> [The records]
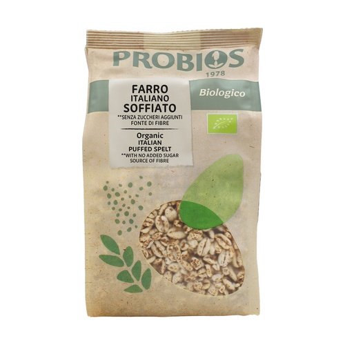 Probios nafoukaná špaldová zrna jsou ideální pro přidání do cereálních vloček, müsli nebo k ozdobení sladkostí. Vyrobeno z italské špaldy, je bohaté na vlákninu a nízké na tuky.
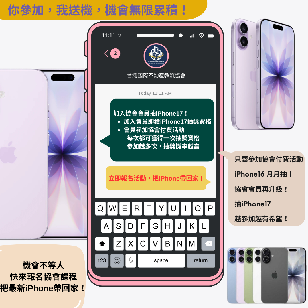 「協會10月特別活動付費課程熱烈報名中|每參加一次抽一次iPhone,機會無限累積!」
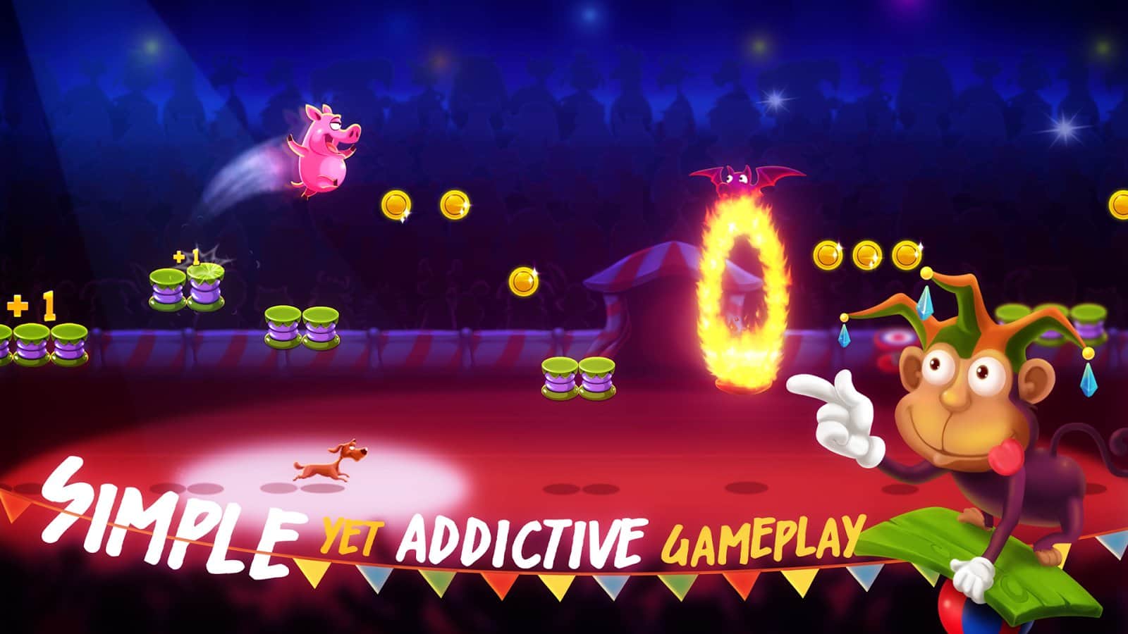 Domuz Şovu - zıplama oyunu ve arcade platform oyununu bir araya getiren eğlenceli bir oyun. Bu projenin baş karakteri, bir sirk gösterisinin yıldızı olmayı hayal eden eğlenceli ve sevimli bir domuzcuk. Bunun için birçok zorluğu geçerek çalışması gerekecek. Oyun mekaniği oldukça basit; domuzcuğu dokunarak kontrol ederek, onun tüm platformlarda zıplamasına yardımcı olmak ve engellerden kaçınarak ödülleri toplamak sizin göreviniz. Piggy Show'un mekanikleri elbette yeni değil, ancak mükemmel renkli grafikler, harika ses efektleri, basit ama yine de bir hikaye, basit kontroller ve eğlenceli karakterler ile bir araya getirildiğinde oyunun tüm eksikliklerini telafi ediyor.
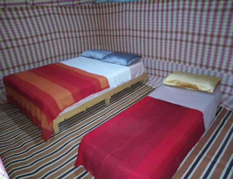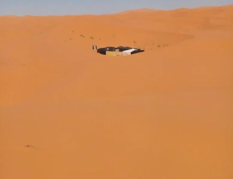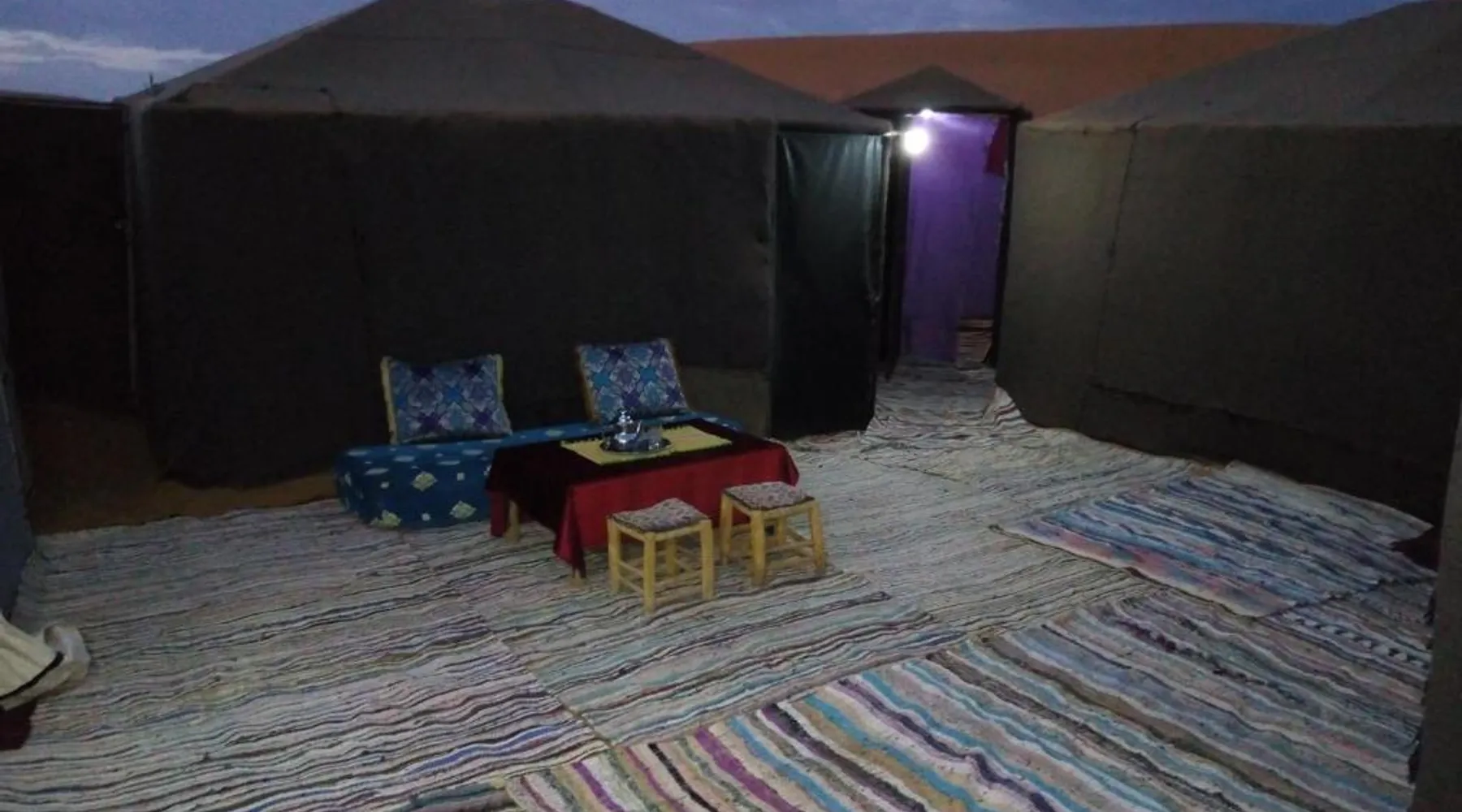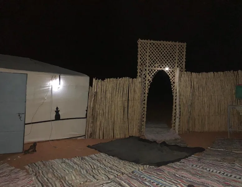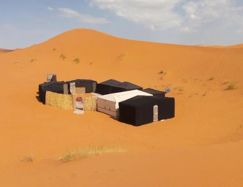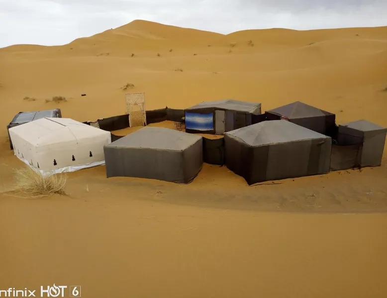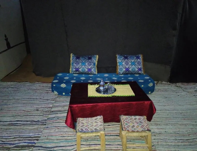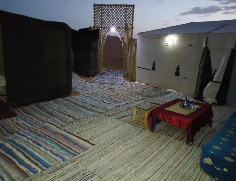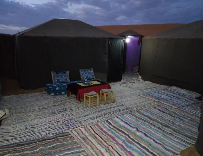 Accommodations: Sahara Camel Tours Camp in Merzouga offers comfortable camping with free WiFi and private parking. The property features an outdoor dining area, sofa bed, and shared bathroom. Activities: Guests can enjoy skiing and other outdoor activities. The camp provides a relaxing environment for all visitors. Location: Located 73 mi from Moulay Ali Cherif Airport, the camp is located in Hassi Labied. Reception staff speak Arabic, English, Spanish, French, and Italian. This tent has a shared bathroom and a dining area. The unit has 3 beds.
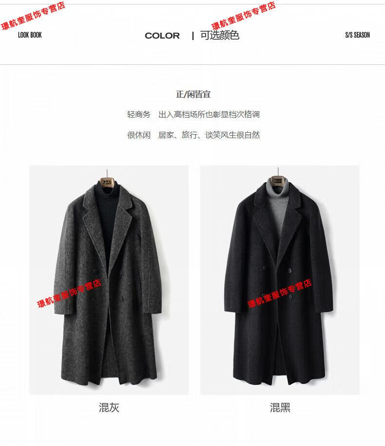Playboy Autumn and Winter double-sided wool coat men's medium-length youth slim non-wool woolen double-breasted windbreaker over-the-knee coat, mixed gray L 130-155Jin Jin equals 0.5kg. Card code is shot to small

> [How to complete this task]
Retype each line of the data exactly, beginning with the first; include the line containing "Domuz Şovu - zıplama" and stop there, skipping every picture.

> [Result for this task]
 Probios nafoukaná špaldová zrna jsou ideální pro přidání do cereálních vloček, müsli nebo k ozdobení sladkostí. Vyrobeno z italské špaldy, je bohaté na vlákninu a nízké na tuky.
 「協會10月特別活動付費課程熱烈報名中|每參加一次抽一次iPhone,機會無限累積!」
 Domuz Şovu - zıplama oyunu ve arcade platform oyununu bir araya getiren eğlenceli bir oyun. Bu projenin baş karakteri, bir sirk gösterisinin yıldızı olmayı hayal eden eğlenceli ve sevimli bir domuzcuk. Bunun için birçok zorluğu geçerek çalışması gerekecek. Oyun mekaniği oldukça basit; domuzcuğu dokunarak kontrol ederek, onun tüm platformlarda zıplamasına yardımcı olmak ve engellerden kaçınarak ödülleri toplamak sizin göreviniz. Piggy Show'un mekanikleri elbette yeni değil, ancak mükemmel renkli grafikler, harika ses efektleri, basit ama yine de bir hikaye, basit kontroller ve eğlenceli karakterler ile bir araya getirildiğinde oyunun tüm eksikliklerini telafi ediyor.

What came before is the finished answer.